#### [WHAT YOU NEED TO DO]
When the line with "Литр бензина А-95" turns up below, begin repeating exactly, and carry on through the line with "Mixed Media, gestileerde"; no pictures go into the copy.

#### [INPUT FOR THIS TASK]
-*-

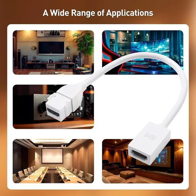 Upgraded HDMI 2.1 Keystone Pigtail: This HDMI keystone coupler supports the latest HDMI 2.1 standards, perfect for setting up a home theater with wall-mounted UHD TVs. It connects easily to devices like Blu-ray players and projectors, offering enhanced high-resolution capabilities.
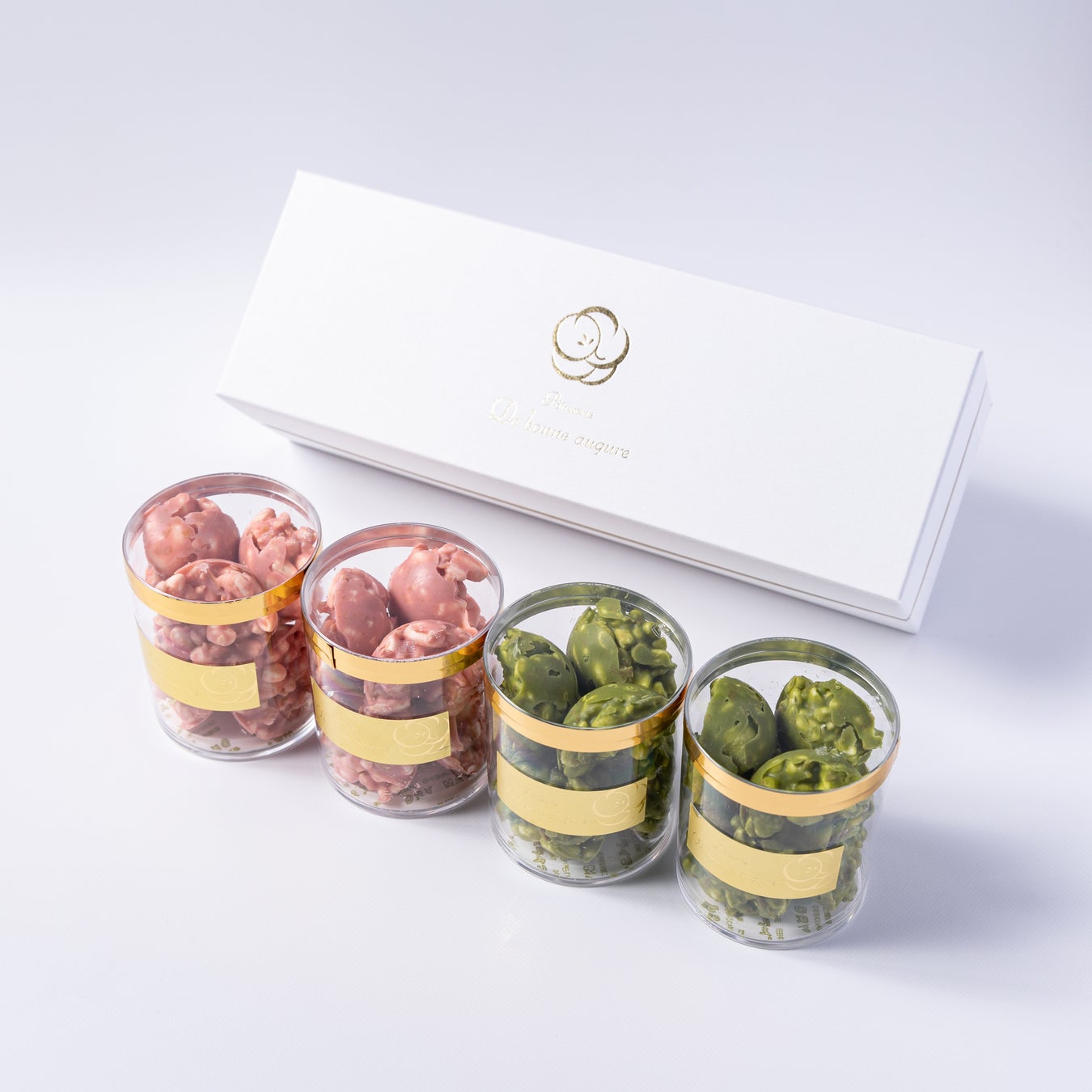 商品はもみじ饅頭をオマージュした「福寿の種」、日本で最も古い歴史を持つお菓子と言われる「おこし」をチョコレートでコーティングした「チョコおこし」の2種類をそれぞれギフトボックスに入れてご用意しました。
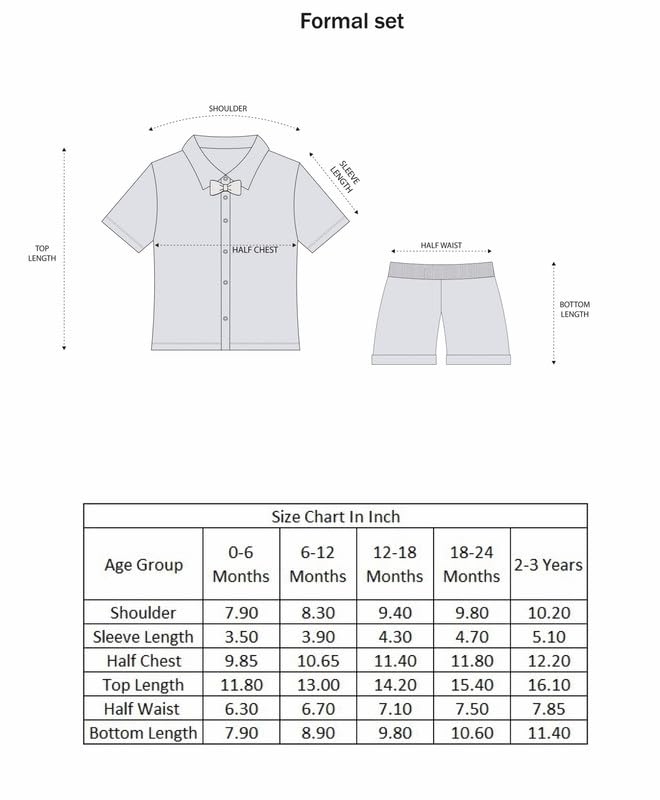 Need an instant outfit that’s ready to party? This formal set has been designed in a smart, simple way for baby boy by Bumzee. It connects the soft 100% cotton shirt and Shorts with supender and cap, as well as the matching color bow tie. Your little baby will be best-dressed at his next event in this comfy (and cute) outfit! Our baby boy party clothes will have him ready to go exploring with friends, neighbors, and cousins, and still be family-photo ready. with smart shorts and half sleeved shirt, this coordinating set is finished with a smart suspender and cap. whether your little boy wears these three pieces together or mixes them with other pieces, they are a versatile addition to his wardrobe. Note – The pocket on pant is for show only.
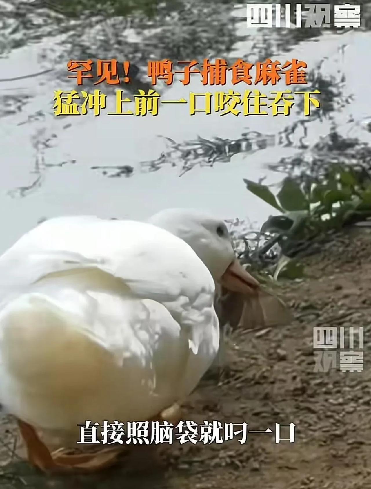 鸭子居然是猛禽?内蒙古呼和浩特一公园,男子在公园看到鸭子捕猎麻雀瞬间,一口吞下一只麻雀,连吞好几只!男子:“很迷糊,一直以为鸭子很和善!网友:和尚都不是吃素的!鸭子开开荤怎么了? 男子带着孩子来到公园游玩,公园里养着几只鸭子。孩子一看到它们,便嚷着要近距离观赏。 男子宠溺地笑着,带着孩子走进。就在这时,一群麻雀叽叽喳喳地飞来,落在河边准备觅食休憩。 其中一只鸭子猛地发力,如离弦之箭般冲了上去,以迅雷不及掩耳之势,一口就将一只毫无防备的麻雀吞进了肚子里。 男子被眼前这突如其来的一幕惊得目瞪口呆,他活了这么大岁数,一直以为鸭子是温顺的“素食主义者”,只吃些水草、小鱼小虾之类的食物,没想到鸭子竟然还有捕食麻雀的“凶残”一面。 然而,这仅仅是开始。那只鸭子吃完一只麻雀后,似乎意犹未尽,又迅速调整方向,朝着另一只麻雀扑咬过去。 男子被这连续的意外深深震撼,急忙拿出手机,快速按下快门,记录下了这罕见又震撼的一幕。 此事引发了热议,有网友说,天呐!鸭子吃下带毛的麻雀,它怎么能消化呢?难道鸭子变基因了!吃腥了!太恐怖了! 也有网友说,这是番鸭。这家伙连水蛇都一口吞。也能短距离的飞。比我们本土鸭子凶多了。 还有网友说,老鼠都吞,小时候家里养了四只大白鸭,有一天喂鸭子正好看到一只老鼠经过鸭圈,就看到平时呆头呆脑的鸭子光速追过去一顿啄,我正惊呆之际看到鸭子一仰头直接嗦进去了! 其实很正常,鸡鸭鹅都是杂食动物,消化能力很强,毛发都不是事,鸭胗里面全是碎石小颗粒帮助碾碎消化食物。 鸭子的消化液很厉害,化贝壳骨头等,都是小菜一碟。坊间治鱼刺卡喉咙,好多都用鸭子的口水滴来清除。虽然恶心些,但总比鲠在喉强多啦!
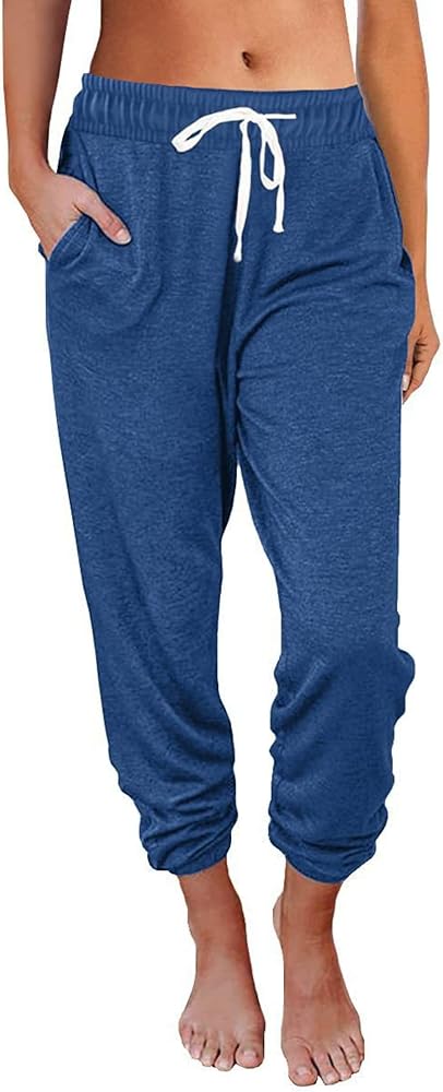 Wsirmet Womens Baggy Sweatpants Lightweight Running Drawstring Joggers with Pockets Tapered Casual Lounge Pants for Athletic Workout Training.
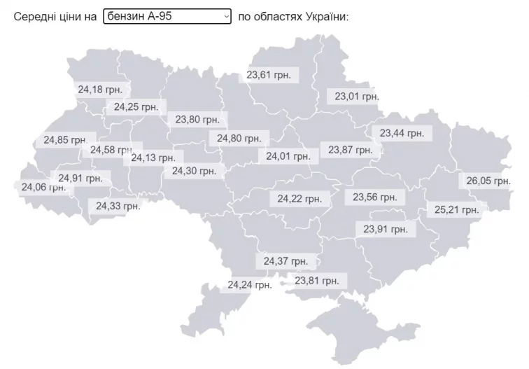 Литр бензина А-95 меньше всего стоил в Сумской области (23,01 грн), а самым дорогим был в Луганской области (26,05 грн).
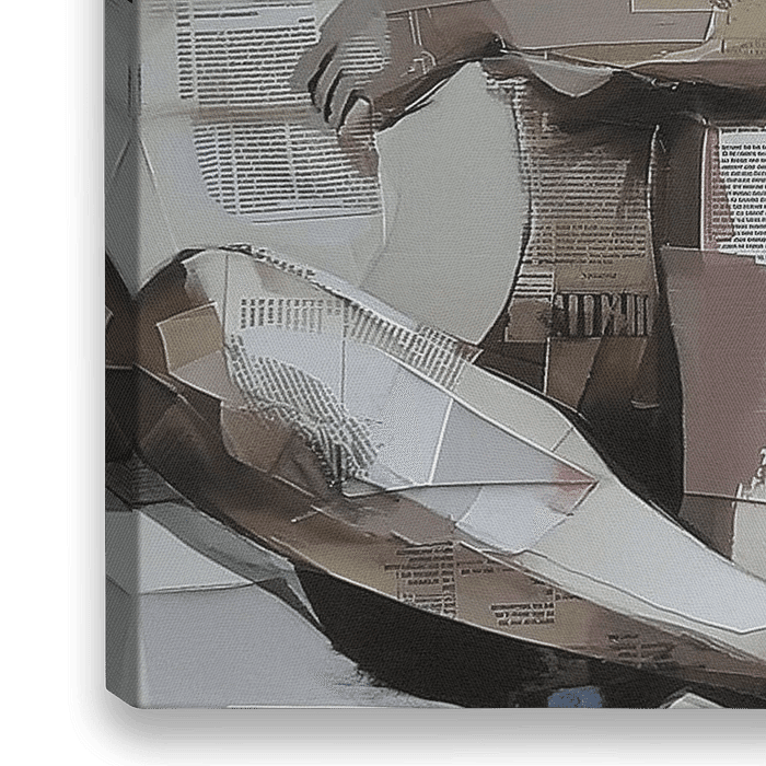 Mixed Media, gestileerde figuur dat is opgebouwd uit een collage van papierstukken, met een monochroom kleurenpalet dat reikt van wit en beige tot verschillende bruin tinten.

-*-

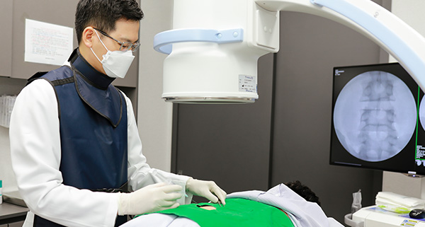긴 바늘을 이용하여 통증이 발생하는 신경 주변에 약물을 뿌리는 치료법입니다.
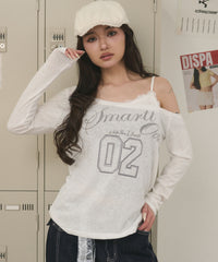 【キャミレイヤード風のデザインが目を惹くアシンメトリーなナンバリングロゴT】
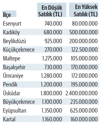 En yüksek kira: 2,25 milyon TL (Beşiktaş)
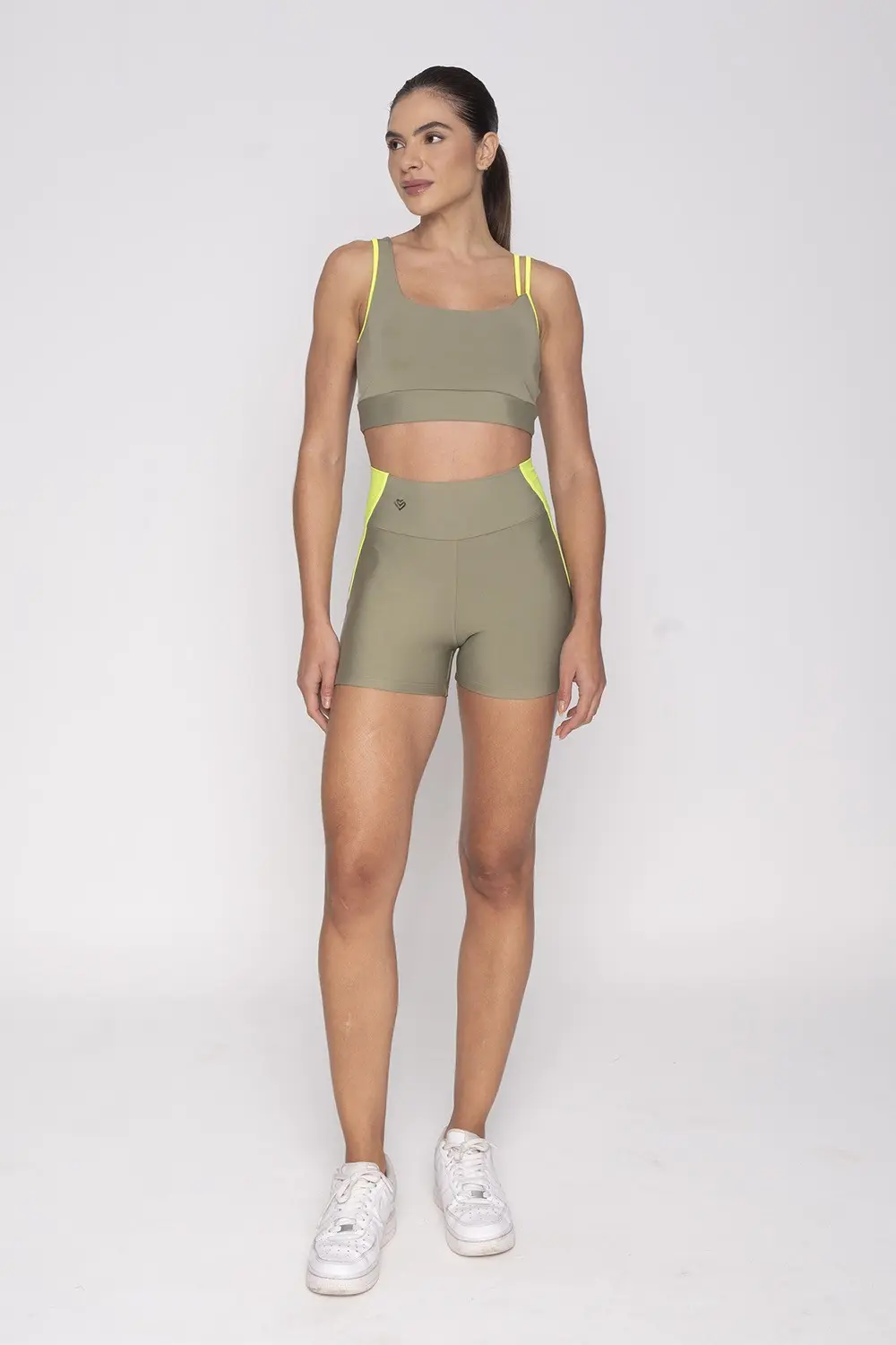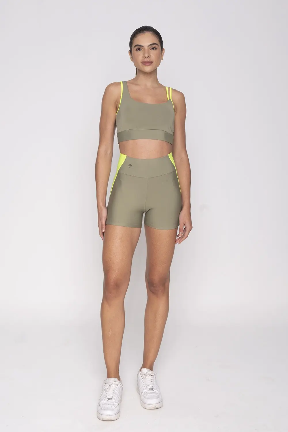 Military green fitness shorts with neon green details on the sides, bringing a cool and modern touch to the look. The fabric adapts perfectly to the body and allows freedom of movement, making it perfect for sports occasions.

-*-

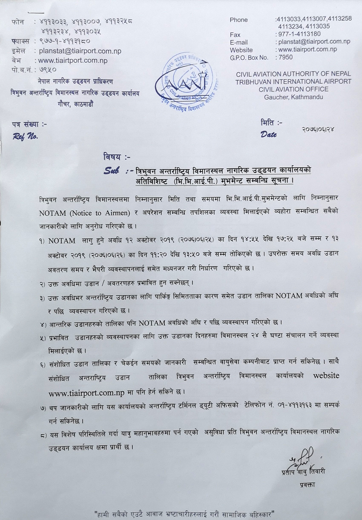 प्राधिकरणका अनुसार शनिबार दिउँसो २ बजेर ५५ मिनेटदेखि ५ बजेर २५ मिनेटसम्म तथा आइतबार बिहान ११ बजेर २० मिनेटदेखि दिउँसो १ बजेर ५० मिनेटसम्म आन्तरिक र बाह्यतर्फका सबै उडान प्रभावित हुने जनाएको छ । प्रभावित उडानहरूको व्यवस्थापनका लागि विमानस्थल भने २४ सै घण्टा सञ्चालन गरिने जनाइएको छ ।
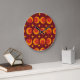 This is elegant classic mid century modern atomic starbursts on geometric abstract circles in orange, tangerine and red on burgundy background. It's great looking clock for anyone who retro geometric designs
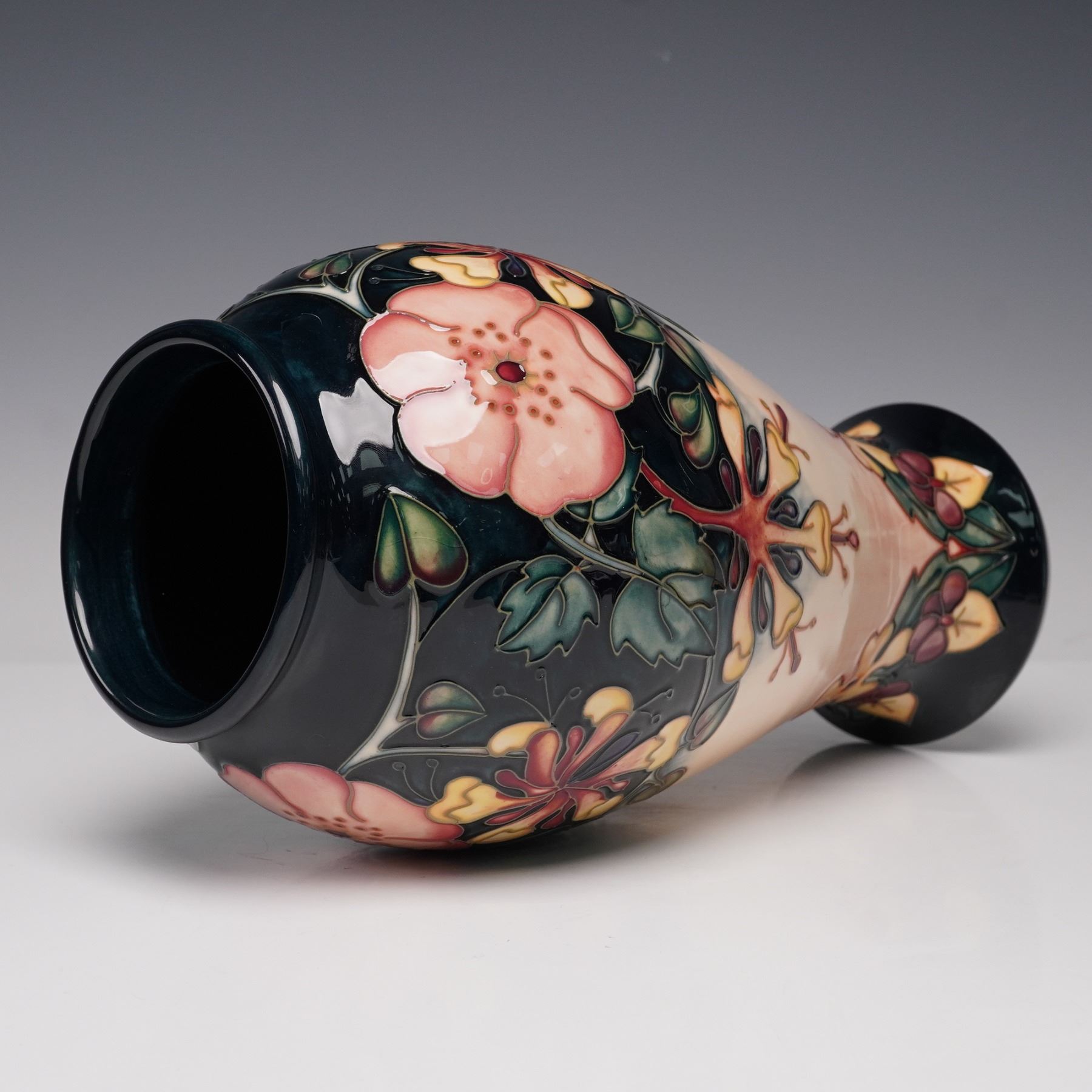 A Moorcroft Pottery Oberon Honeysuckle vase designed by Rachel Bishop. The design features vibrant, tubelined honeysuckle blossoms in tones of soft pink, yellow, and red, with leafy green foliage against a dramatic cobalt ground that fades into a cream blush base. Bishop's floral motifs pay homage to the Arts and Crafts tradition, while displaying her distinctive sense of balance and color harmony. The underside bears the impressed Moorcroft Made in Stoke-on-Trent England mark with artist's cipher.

-*-

#### [ANSWER SPACE]
 Литр бензина А-95 меньше всего стоил в Сумской области (23,01 грн), а самым дорогим был в Луганской области (26,05 грн).
 Mixed Media, gestileerde figuur dat is opgebouwd uit een collage van papierstukken, met een monochroom kleurenpalet dat reikt van wit en beige tot verschillende bruin tinten.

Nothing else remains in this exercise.